Not to mention the whole video has an air of "oh, look at the silly brown people in their funny costumes trying to eat a hamburger. Aren't they so... cute?" To hell with it - it's not "culturally insensitive", it's fucking racist. It's like something that would be on the Chappelle Show as a joke.

Did I mention the video is called The Whopper Virgins? Yes, because if it wasn't already dehumanizing enough, there's now a sexual context in which Burger King is somehow "devirginizing" these people. There's a whole new level of the wonderful implications that go along with that term.

Doesn't everyone dream that their first time will be with Burger King?

(If you can't tell by now, I am actually getting angrier and angrier as I write this.)
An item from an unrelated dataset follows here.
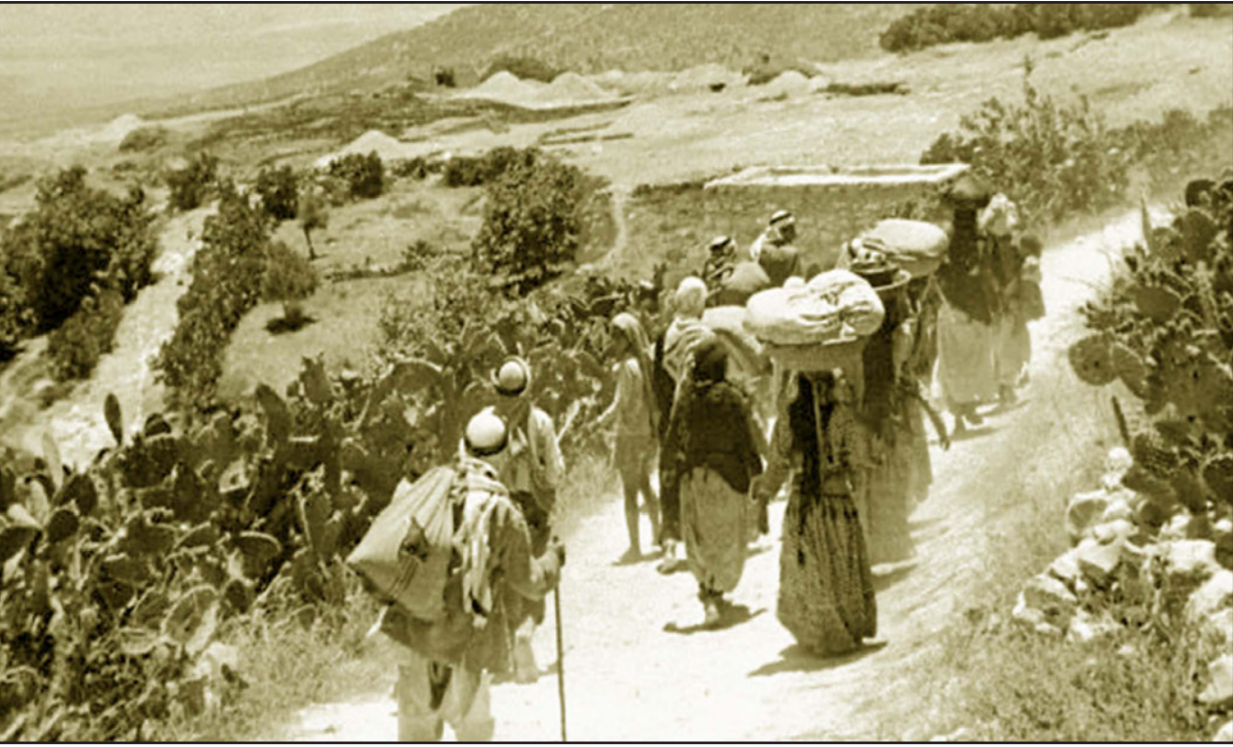
عجز فلسطيني لم تنسه العقود والسنوات النكبة ولا يزال يحتفظ ببعض المفاتيح... وصورة من أيام النكبة والتهجير القسري

If all that wasn't enough, the worst part of all this was outlined by Tom Hundley of the Chicago Tribune:

"While [Burger King] spent millions of dollars happily tracking down people with no 'hamburger awareness' the Food and Agriculture Organization of the United Nations has to go begging because they can only get one-thirtieth of the money they need to rebuild the developing world's shattered food systems," said Food First, an advocacy group that fights hunger.


Uh... yeah.

Incidentally, Stacy Peralta, who directed this nonsense, has done some great documentaries - namely, Dogtown and Z-Boys and the equally excellent Riding Giants, but he really should be ashamed to be involved in such a horrible, horrible campaign. This isn't "selling out" - this is selling your soul, and there is a difference.